TAPER:The positive effects plateaued and remained fairly constant for the next few months until i realized that my next order would not be making it to the U.S. in time for me to continue uninterupted. I tapered from 4/day to 3/day for 4 days, then 2/day for 3 days, then 1/day for 1 day, then none. I had minimal discomfort. I think i had 1 or 2 moderately anxious days when i switched from 3 to 2 tabs/day but that was all. No noticed effect when i went from 1 tab to none.
I went about 8 days without the med, during which i stayed fairly even and stable. Perhaps i subtly lost maybe 20% of the wind from my sails, yet i remained measurably better than before i had began the med.
THE SECOND STINT ON THE DRUG: began about 8 days after i had run out the first time. I really didn't think that such a short time frame would have a major effect, but it did. I first tried a day of attack doses totalling about 80-90 mgs for the day, then resumed 3-4 tabs/day. I was not as strict with my dosing this time around for some reason and i would sometiimes forget 1 or 2 tabs/day. I did not feel any difference from the drug yet on this second run.
ABOUT A WEEK IN: to the second stint, my mood started to tank again. 2 or 3 days later and i was once again morbidly depressed.
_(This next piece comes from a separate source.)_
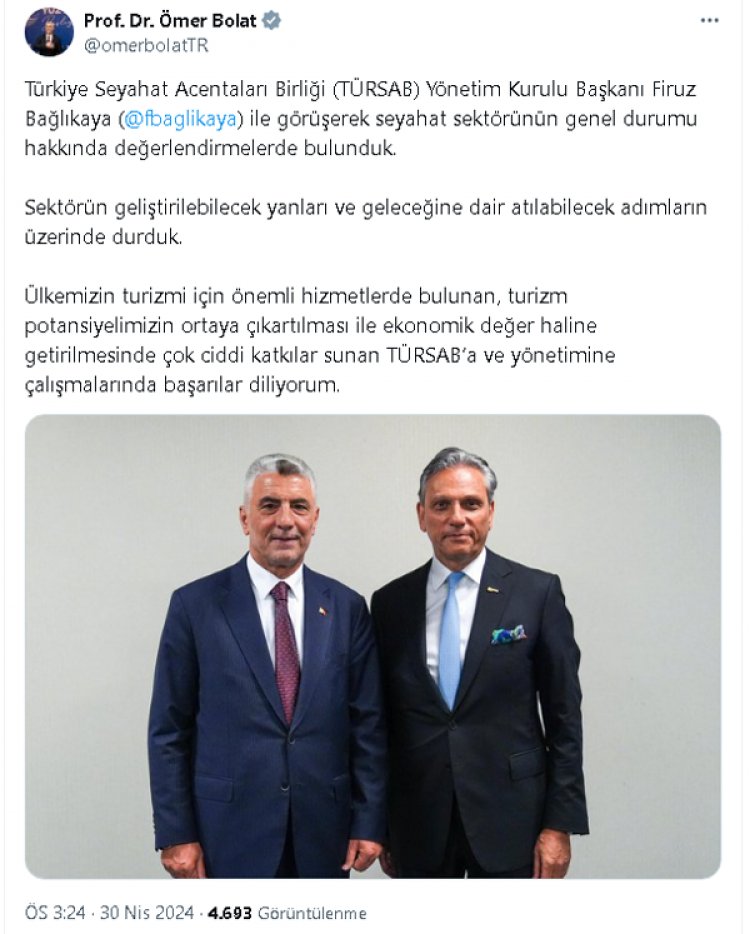 Görüşmeye ilişkin sosyal medya hesabından paylaşım yapan Bakan Bolat, “Ülkemizin turizmi için önemli hizmetlerde bulunan, turizm potansiyelimizin ortaya çıkartılması ile ekonomik değer haline getirilmesinde çok ciddi katkılar sunan TÜRSAB’a ve yönetimine çalışmalarında başarılar diliyorum” dedi.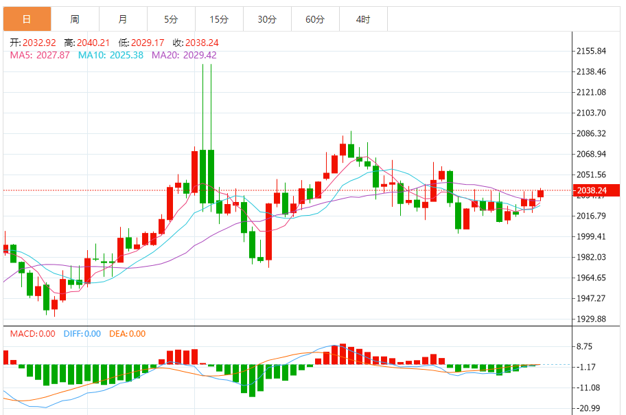预计今日金价交投将于支撑位2020.00美元/盎司以及阻力位2050.00美元/盎司之间。今日对于黄金价格的预期趋势为看涨。

This time it was accompanied by what felt like horrible opiate-esque hot flashes and sweats constantly and an inability to eat much of anything. They were heavily exacerbated by any stress or emotional arousal. Although i have had a rather lengthy opiate problem in the past, i was on the same 1-3mg suboxone dose that i had been on during the first stint and variation of the suboxone dose did nothing for the depression or the serious physical discomfort. I still have no idea why i was visited by the sweat fairy and her flame thrower during that time, but, ONCE AGAIN, after about 4 days it all lifted, leaving me feeling empowered and good again.
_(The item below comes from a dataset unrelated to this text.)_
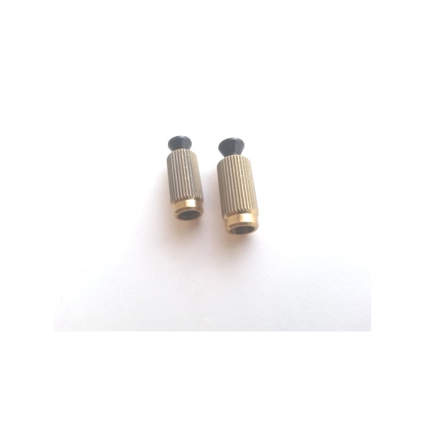 Postes para puentes con trémolo flotantes Floyd Rose Originales. Tambien quedan perfecto en puentes tipo Schaller,  Mighty Might y Wilkinson. Su cuerda fina permite ajustes más precisos. El socket mide 20mm de alto y 10. mm de diámetro. El poste mide 27.2mm de alto y 6.8 mm de diámetro. La altura del poste se ajusta con una llave Allen de 3mm. El set incluye dos piezas (dos postes y dos sockets).
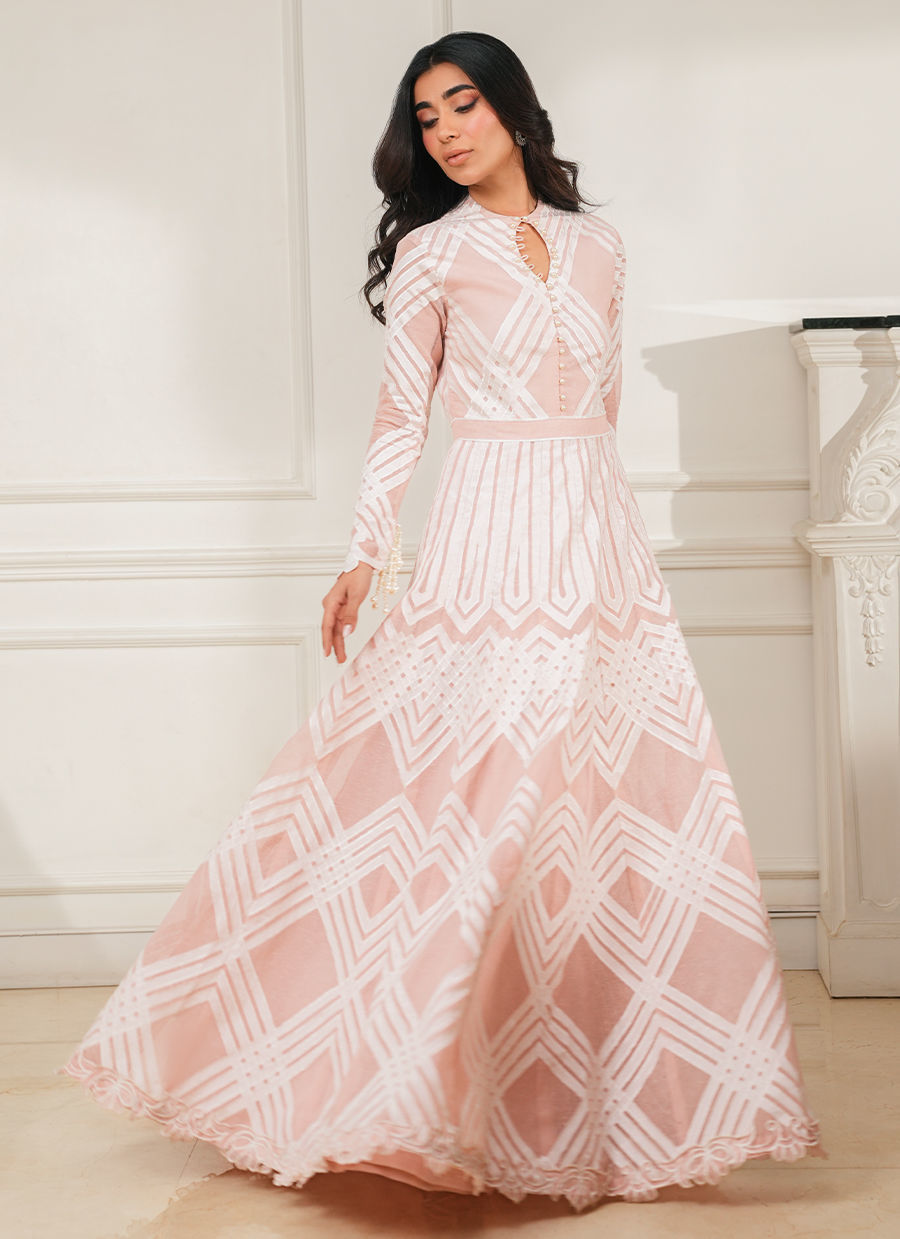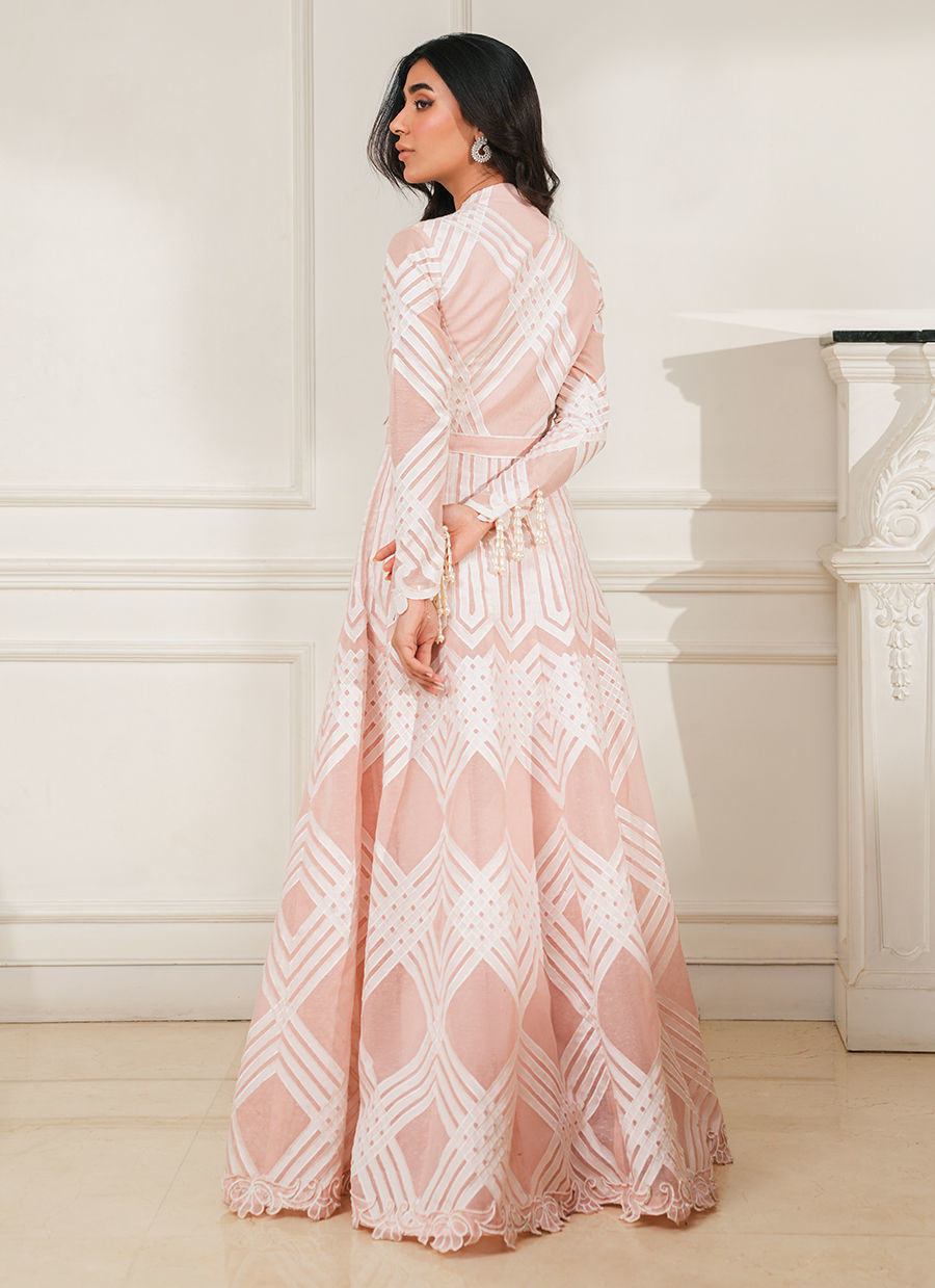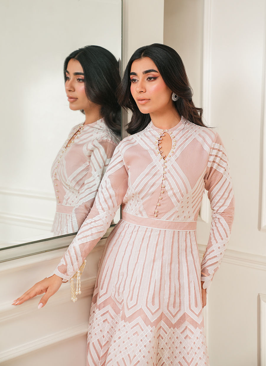 Kora cotton peshwas adorned with handmade appliqué cutwork all over, finished with pearl tassels on the sleeves and a delicate cutwork border along the hem.

I AM NOW A MONTH into the second stint and all is well.
IN SUMMARY: I didn't expect a period of such strong suicidal ideation as i have never gotten it like that from any other antidepressants i've taken (3 others), and i hadn't heard it reported by any other users, but for 4 days at a time it sure kicked my ass. So Pls be warned that it COULD happen and have someone keep an eye on you if you are going to start this medication. I DO recommend this med, of course it effects everyone differently, but for me it works, and now that the second 4 day hell ride is over again and i'm really feeling GOOD for the first sustained time in a while, i feel it was worth it.
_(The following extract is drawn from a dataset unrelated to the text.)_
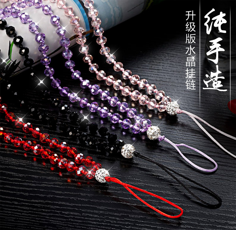 [재고 도매] 미끄럼 방지 패션 롱 47cm 크리스탈 휴대 전화 끈 반짝 플랫 비즈 매달려 목 스웨터 체인스토어 가기

I was expecting a drug that would be felt after each dose and then wear off in a few hours, genrally improving mood. It was not like that at all for me. I have taken 10 at a time with no noticeable effects. For my body it seems Tianeptine has to run a certain course with a few distinct sequential phases. But overall it is helping me, and as an added bonus, i have definately noticed that i no longer crave other drugs and have drastically cut down on my usage of them.